Stored dataset items:
^^^^^^^^

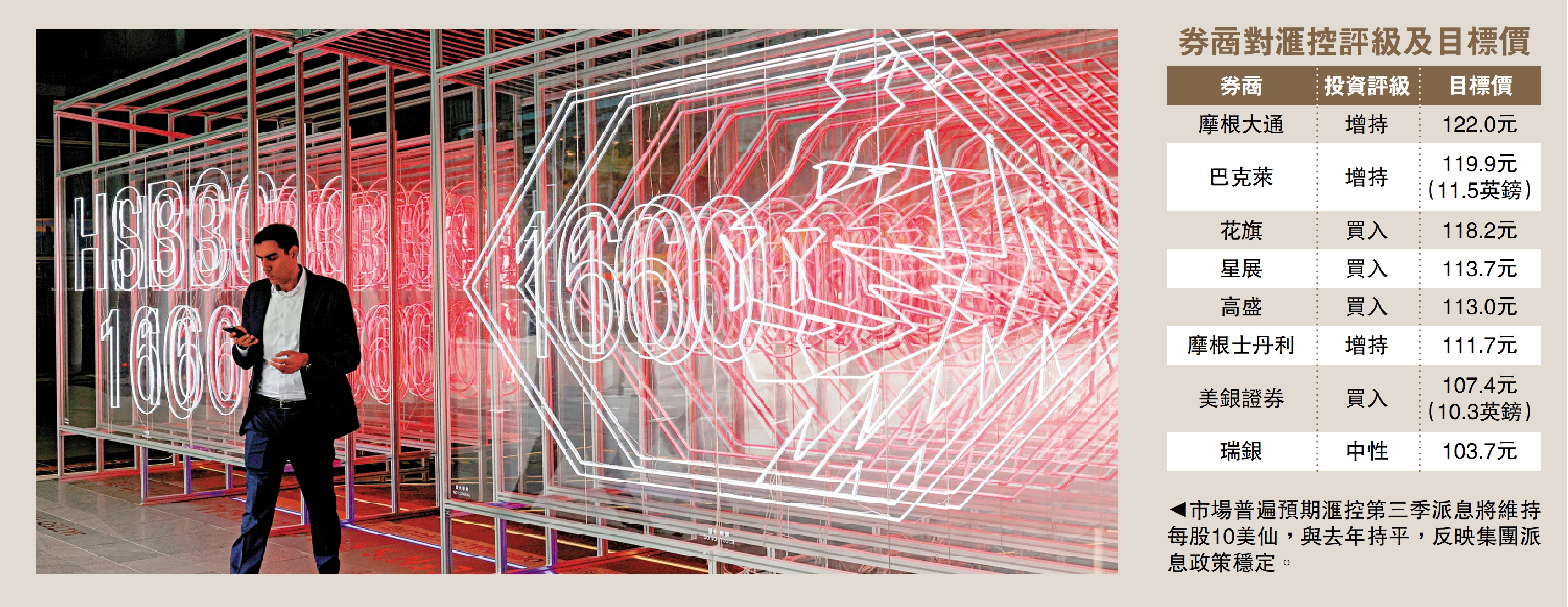 股東回報方面,市場普遍預期第三季派息將維持每股10美仙,與去年持平,反映集團派息政策穩定。普通股權一級資本比率預計維持在14.5%至14.7%之間,顯示集團資本狀況仍然穩健。投資者也期待管理層就未來派息政策、資本規劃,以及私有化恒生銀行(00011)後的協同效應,提供更清晰指引。由於多間大行給予滙控買入評級(見表),反映私有化恒生的潛力獲市場重視。此外,集團未來息差走向、非利息收入增長,以及本港房地產信貸風險管控預料亦是投資者關注的焦點。
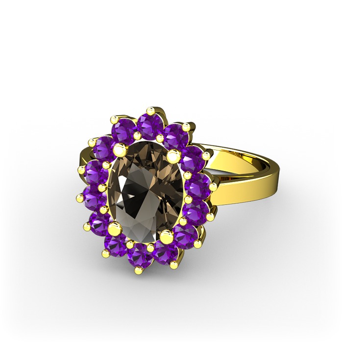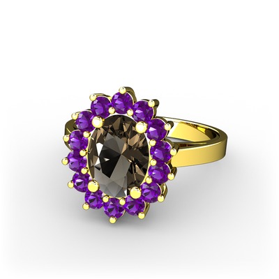 Dumanlı kuvars ve ametist 18 ayar altın yüzük
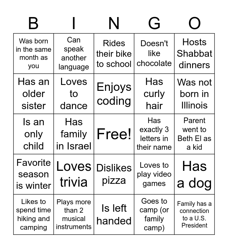 This bingo card has a free space and 24 words: Loves trivia, Plays more than 2 musical instruments, Enjoys coding, Likes to spend time hiking and camping, Hosts Shabbat dinners, Was born in the same month as you, Has an older sister, Can speak another language, Has exactly 3 letters in their name, Dislikes pizza, Has curly hair, Is an only child, Loves to play video games, Has a dog, Loves to dance, Goes to camp (or family camp), Parent went to Beth El as a kid, Rides their bike to school, Was not born in Illinois, Has family in Israel, Family has a connection to a U.S. President, Favorite season is winter, Doesn't like chocolate and Is left handed.
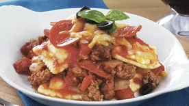 • 3 packages (9 oz each) refrigerated spicy beef- and sausage-filled ravioli
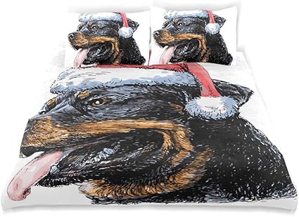 Sunop Biber Bettwasche Set Fur Doppelbett 100 Geburstete Baumwolle Bettbezug Und 2 Kissenbezuge Rottweiler Hund Mit Weihnachtsmannmutze Amazon De Kuche Haushalt
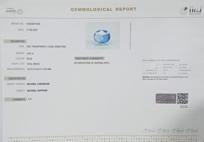 Beautiful 4.04 Cts Natural Blue Sapphire (AAA+-Mines) sva 4+ Ratti BLUE SAPPHIRE. Free Horoscope & Free Pundit Ji Astrological Advise / Consultation. Original Natural Lab certified gems by IGI GTL / Birth stones / Large Gem Selection of shree shubh Rashi Ratan Vedic dhan at Gem Mines. May Bhagwan Brahma, Vishnu, Shiv & Universe bless you.
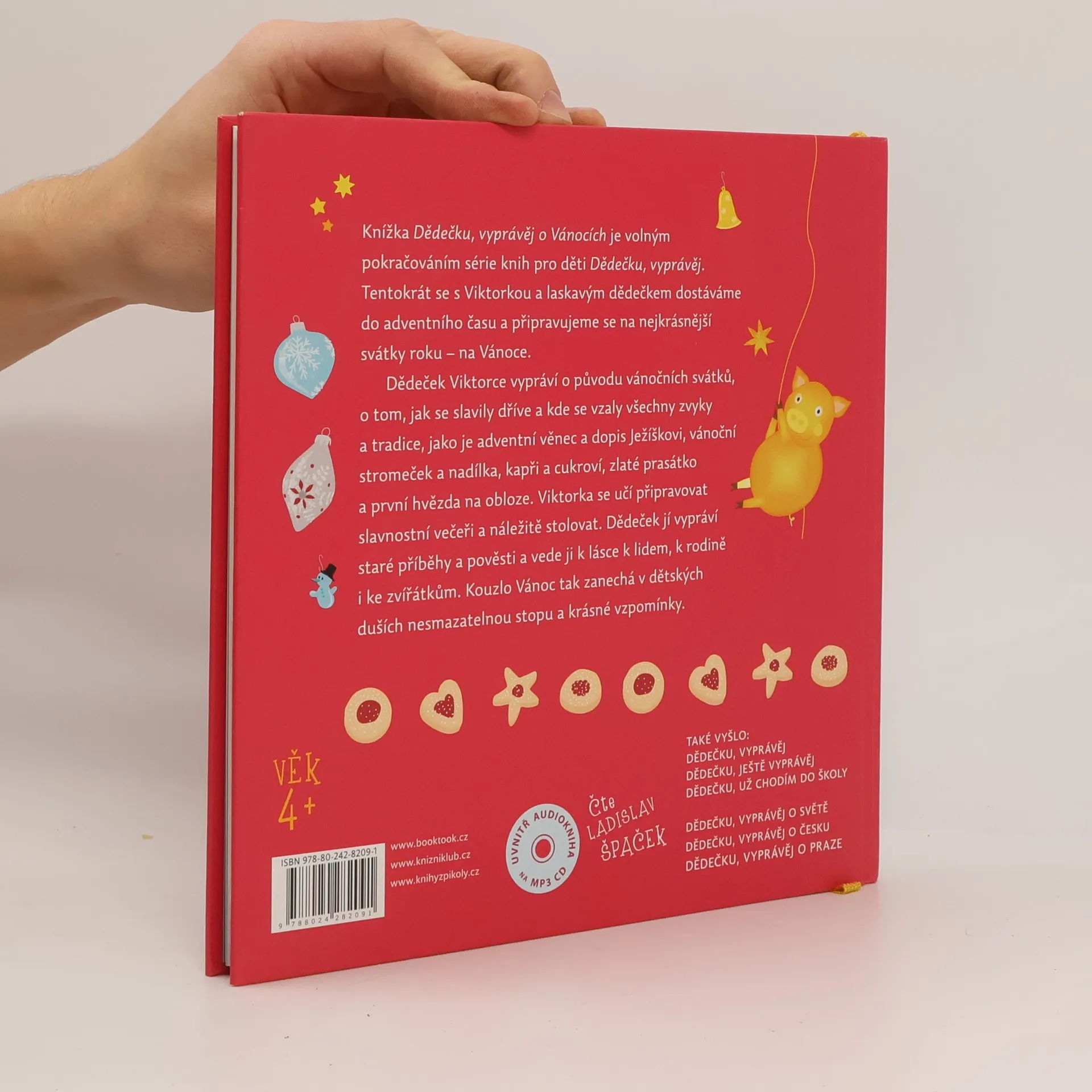 Knížka Dědečku, vyprávěj o Vánocích je volným pokračováním série knih pro děti Dědečku, vyprávěj. Tentokrát se s Viktorkou a laskavým dědečkem dostáváme do adventního času a připravujeme se na nejkrásnější svátky roku – na Vánoce. Nejvíce prožívají kouzlo Vánoc ti nejmenší. Milují tajuplné legendy, jsou okouzleni rozzářeným vánočním stromečkem, vnímají vážnost štědrovečerní večeře, baví je vánoční zvyky a netrpělivě se těší na dárky, které jim Ježíšek přinese. Dědeček Viktorce vypráví o původu vánočních svátků, o tom, jak se slavily dříve, kde se vzaly všechny zvyky a tradice, jako je adventní věnec a dopis Ježíškovi, vánoční stromeček a nadílka, kapři a cukroví, zlaté prasátko a první hvězda na obloze. Viktorka se učí připravovat slavnostní večeři a náležitě stolovat. Dědeček jí vypráví staré příběhy a pověsti a vede ji k lásce k lidem, k rodině i ke zvířátkům. Při poslechu nebo čtení knížky děti podlehnou kouzlu Vánoc a budou je prožívat ještě silněji než dřív.
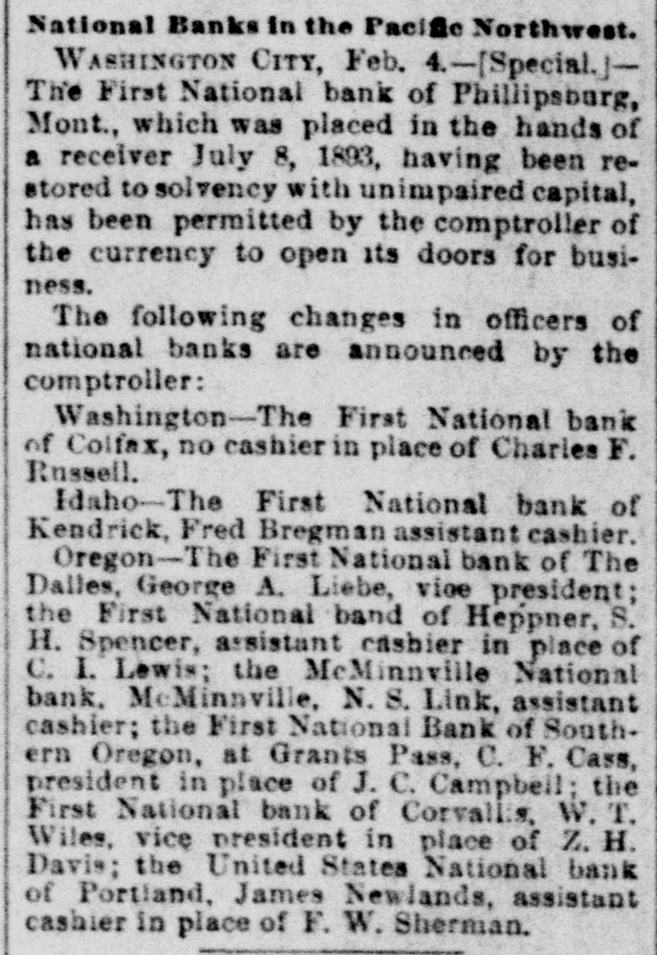 National Banks in the Pacific Northwest. WASHINGTON CITY, Feb. 4.-[Special.]The First National bank of Phillipsburg, Mont., which was placed in the hands of a receiver July 8, 1893, having been restored to solvency with unimpaired capital, has been permitted by the comptroller of the currency to open its doors for business. The following changes in officers of national banks are announced by the comptroller: Washington-The / First National bank of Colfax, no cashier in place of Charles F. Russell. Idaho-The First National bank of Kendrick, Fred Bregman assistant cashier. Oregon-The First National bank of The Dalles, George A. Liebe, vice president; the First National band of Heppner, S. H. Spencer, assistant cashier in place of C. I. Lewis; the McMinnville National bank. McMinnville, N. S. Link, assistant cashier; the First National Bank of South. ern Oregon, at Grants Pass, C. F. Cass, president in place of J. C. Campbeil; the First National bank of Corvalis, W. T. Wiles, vice president in place of Z. H. Davis: the United States National bank of Portland, James Newlands, assistant cashier in place of F. W. Sherman.
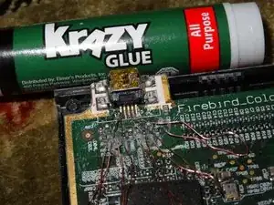 Избегайте суперклея, который легко течет. Он может забить новый порт или создать беспорядок, как показано на фотографиях.
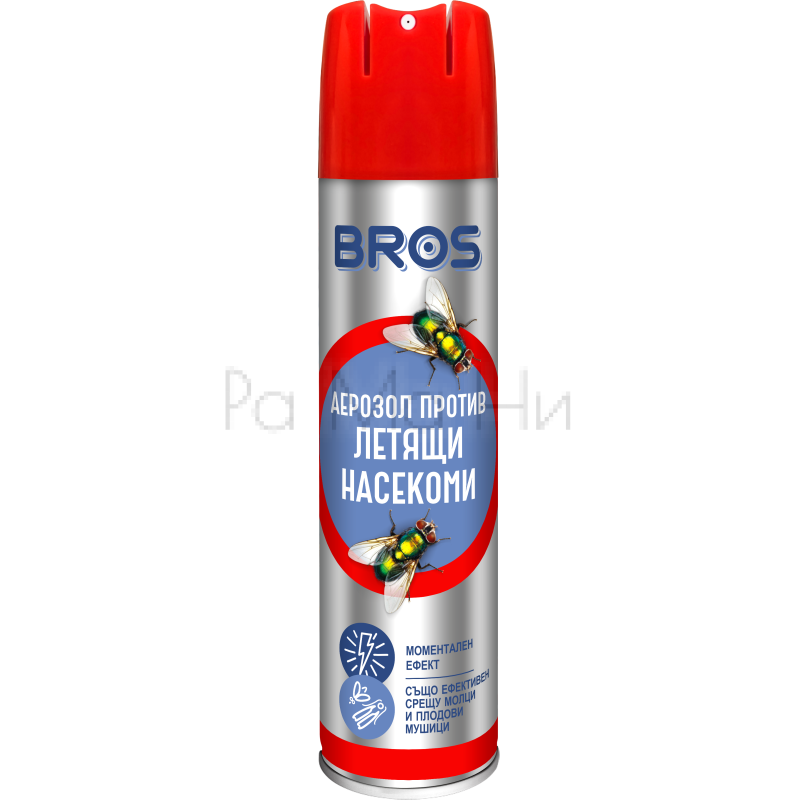 BROS Аерозол против летящи насекоми (400 мл) предлага ефективна и бърза защита срещу комари, мухи, оси и други летящи насекоми. Лесен за употреба спрей, подходящ за вътрешни и външни помещения, осигурява чиста и безопасна среда.

^^^^^^^^

### Work to complete
Among the entries above, find the line with "Beautiful 4.04 Cts" and repeat exactly from there through the line with "Knížka Dědečku, vyprávěj", leaving out the pictures.

### Solution for this exercise
 Beautiful 4.04 Cts Natural Blue Sapphire (AAA+-Mines) sva 4+ Ratti BLUE SAPPHIRE. Free Horoscope & Free Pundit Ji Astrological Advise / Consultation. Original Natural Lab certified gems by IGI GTL / Birth stones / Large Gem Selection of shree shubh Rashi Ratan Vedic dhan at Gem Mines. May Bhagwan Brahma, Vishnu, Shiv & Universe bless you.
 Knížka Dědečku, vyprávěj o Vánocích je volným pokračováním série knih pro děti Dědečku, vyprávěj. Tentokrát se s Viktorkou a laskavým dědečkem dostáváme do adventního času a připravujeme se na nejkrásnější svátky roku – na Vánoce. Nejvíce prožívají kouzlo Vánoc ti nejmenší. Milují tajuplné legendy, jsou okouzleni rozzářeným vánočním stromečkem, vnímají vážnost štědrovečerní večeře, baví je vánoční zvyky a netrpělivě se těší na dárky, které jim Ježíšek přinese. Dědeček Viktorce vypráví o původu vánočních svátků, o tom, jak se slavily dříve, kde se vzaly všechny zvyky a tradice, jako je adventní věnec a dopis Ježíškovi, vánoční stromeček a nadílka, kapři a cukroví, zlaté prasátko a první hvězda na obloze. Viktorka se učí připravovat slavnostní večeři a náležitě stolovat. Dědeček jí vypráví staré příběhy a pověsti a vede ji k lásce k lidem, k rodině i ke zvířátkům. Při poslechu nebo čtení knížky děti podlehnou kouzlu Vánoc a budou je prožívat ještě silněji než dřív.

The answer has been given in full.